◆ **DATA BLOCK**
_ _ _ _ _
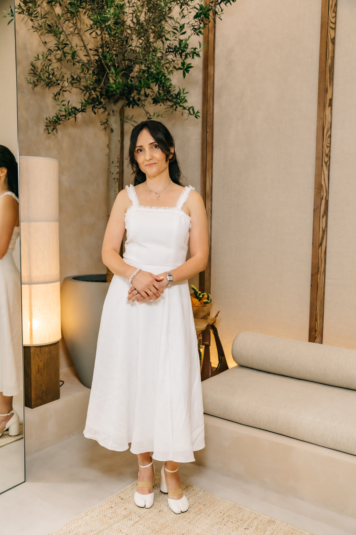 MORANDI — це бренд, що поєднує в собі натуральні тканини, вільні та лаконічні фасони і природні кольори. Саме тому палітра дизайну та інтер’єру нового шоуруму включає бежеві, сірі та коричневі відтінки. Багато елементів виконано з натурального дерева та масивного каменю, що ще більше підкреслює природність та натуральність, які пропагує бренд. Естетику простору доповнюють акцентні деталі: великі зелені рослини, об’ємні меблі та фактурні предмети декору.
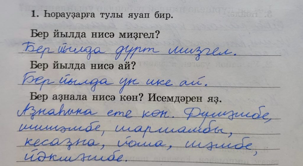 Бер аҙнала нисә көн? Исемдәрен яҙ. (Сколько дней в неделе? Напишите названия.) Аҙнаһына ете көн. Дүшәмбе, шишәмбе, шаршамбы, кесаҙна, йома, шәмбе, йәкшәмбе. (В неделе семь дней. Понедельник, вторник, среда, четверг, пятница, суббота, воскресенье.)
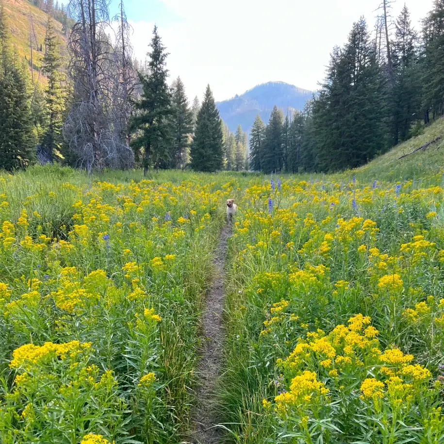 Rooks Creek is a pleasant stroll through a small, secluded gully. The sunny hike crosses a series of meadows which are filled with wildflowers during the mid-summer. One meadow just past the mile mark features a series of old mining structures and is an excellent destination for a shorter hike. Our route ends at a peaceful junction with the creek – a nice spot for a picnic. The trail continues another 2.5 miles from that point and, after a very difficult climb through charred forest, connects with Osberg Ridgeline trail.
_ _ _ _ _
◆ **THE TASK**
The lines to write out are those from the first line of the listing above through the line bearing "Бер аҙнала нисә", both included, copied exactly with pictures dropped.

◆ **ANSWER FOR THIS EXERCISE**
 MORANDI — це бренд, що поєднує в собі натуральні тканини, вільні та лаконічні фасони і природні кольори. Саме тому палітра дизайну та інтер’єру нового шоуруму включає бежеві, сірі та коричневі відтінки. Багато елементів виконано з натурального дерева та масивного каменю, що ще більше підкреслює природність та натуральність, які пропагує бренд. Естетику простору доповнюють акцентні деталі: великі зелені рослини, об’ємні меблі та фактурні предмети декору.
 Бер аҙнала нисә көн? Исемдәрен яҙ. (Сколько дней в неделе? Напишите названия.) Аҙнаһына ете көн. Дүшәмбе, шишәмбе, шаршамбы, кесаҙна, йома, шәмбе, йәкшәмбе. (В неделе семь дней. Понедельник, вторник, среда, четверг, пятница, суббота, воскресенье.)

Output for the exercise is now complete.